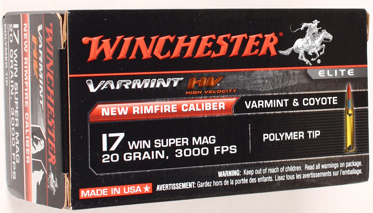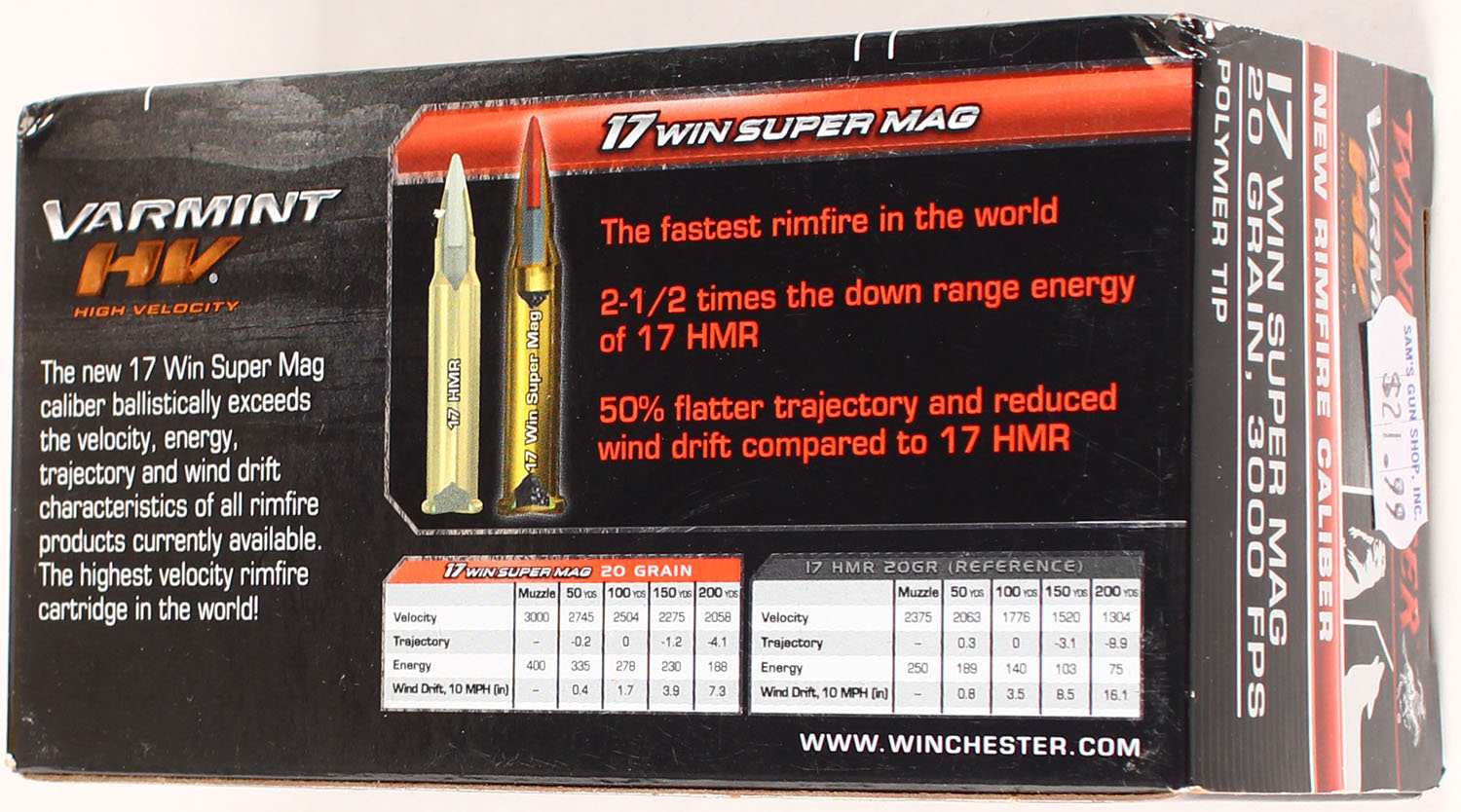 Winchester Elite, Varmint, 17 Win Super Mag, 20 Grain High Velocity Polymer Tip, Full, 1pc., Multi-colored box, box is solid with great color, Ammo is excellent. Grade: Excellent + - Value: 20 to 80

==

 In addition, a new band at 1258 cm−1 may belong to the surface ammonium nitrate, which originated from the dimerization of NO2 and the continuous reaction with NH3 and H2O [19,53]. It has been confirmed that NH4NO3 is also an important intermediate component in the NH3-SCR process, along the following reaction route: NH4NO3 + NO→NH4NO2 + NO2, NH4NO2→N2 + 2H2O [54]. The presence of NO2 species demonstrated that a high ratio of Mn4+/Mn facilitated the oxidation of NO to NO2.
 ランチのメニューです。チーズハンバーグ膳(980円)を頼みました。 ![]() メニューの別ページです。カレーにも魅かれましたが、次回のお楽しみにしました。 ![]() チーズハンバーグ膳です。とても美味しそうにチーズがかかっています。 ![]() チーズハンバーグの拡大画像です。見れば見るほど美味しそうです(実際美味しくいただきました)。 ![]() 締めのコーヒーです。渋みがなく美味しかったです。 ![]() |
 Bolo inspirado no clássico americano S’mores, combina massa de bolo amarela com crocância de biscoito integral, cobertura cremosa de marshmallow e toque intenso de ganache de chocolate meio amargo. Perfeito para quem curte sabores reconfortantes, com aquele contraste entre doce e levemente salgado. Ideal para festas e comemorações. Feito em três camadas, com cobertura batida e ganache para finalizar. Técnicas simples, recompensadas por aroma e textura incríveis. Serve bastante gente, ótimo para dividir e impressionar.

...

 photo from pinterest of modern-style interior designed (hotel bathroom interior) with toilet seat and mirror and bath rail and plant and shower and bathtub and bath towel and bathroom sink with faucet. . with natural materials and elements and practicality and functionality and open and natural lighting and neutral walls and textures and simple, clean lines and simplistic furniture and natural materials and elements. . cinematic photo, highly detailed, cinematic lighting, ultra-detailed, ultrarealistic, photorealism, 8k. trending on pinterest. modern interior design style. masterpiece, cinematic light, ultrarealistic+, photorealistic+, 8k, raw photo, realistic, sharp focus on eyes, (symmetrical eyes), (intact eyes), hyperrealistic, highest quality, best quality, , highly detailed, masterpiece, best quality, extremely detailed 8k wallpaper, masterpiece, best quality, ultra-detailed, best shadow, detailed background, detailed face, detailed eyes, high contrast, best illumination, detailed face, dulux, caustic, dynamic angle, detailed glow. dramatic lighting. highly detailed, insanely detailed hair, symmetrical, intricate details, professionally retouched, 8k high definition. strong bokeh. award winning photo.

◆ **WORK TO BE COMPLETED**
Leave out every line above except those from the line with "In addition, a" up to and including the line with "Bolo inspirado no", and copy those exactly.

◆ **RESPONSE TO THE TASK**
 In addition, a new band at 1258 cm−1 may belong to the surface ammonium nitrate, which originated from the dimerization of NO2 and the continuous reaction with NH3 and H2O [19,53]. It has been confirmed that NH4NO3 is also an important intermediate component in the NH3-SCR process, along the following reaction route: NH4NO3 + NO→NH4NO2 + NO2, NH4NO2→N2 + 2H2O [54]. The presence of NO2 species demonstrated that a high ratio of Mn4+/Mn facilitated the oxidation of NO to NO2.
 ランチのメニューです。チーズハンバーグ膳(980円)を頼みました。 ![]() メニューの別ページです。カレーにも魅かれましたが、次回のお楽しみにしました。 ![]() チーズハンバーグ膳です。とても美味しそうにチーズがかかっています。 ![]() チーズハンバーグの拡大画像です。見れば見るほど美味しそうです(実際美味しくいただきました)。 ![]() 締めのコーヒーです。渋みがなく美味しかったです。 ![]() |
 Bolo inspirado no clássico americano S’mores, combina massa de bolo amarela com crocância de biscoito integral, cobertura cremosa de marshmallow e toque intenso de ganache de chocolate meio amargo. Perfeito para quem curte sabores reconfortantes, com aquele contraste entre doce e levemente salgado. Ideal para festas e comemorações. Feito em três camadas, com cobertura batida e ganache para finalizar. Técnicas simples, recompensadas por aroma e textura incríveis. Serve bastante gente, ótimo para dividir e impressionar.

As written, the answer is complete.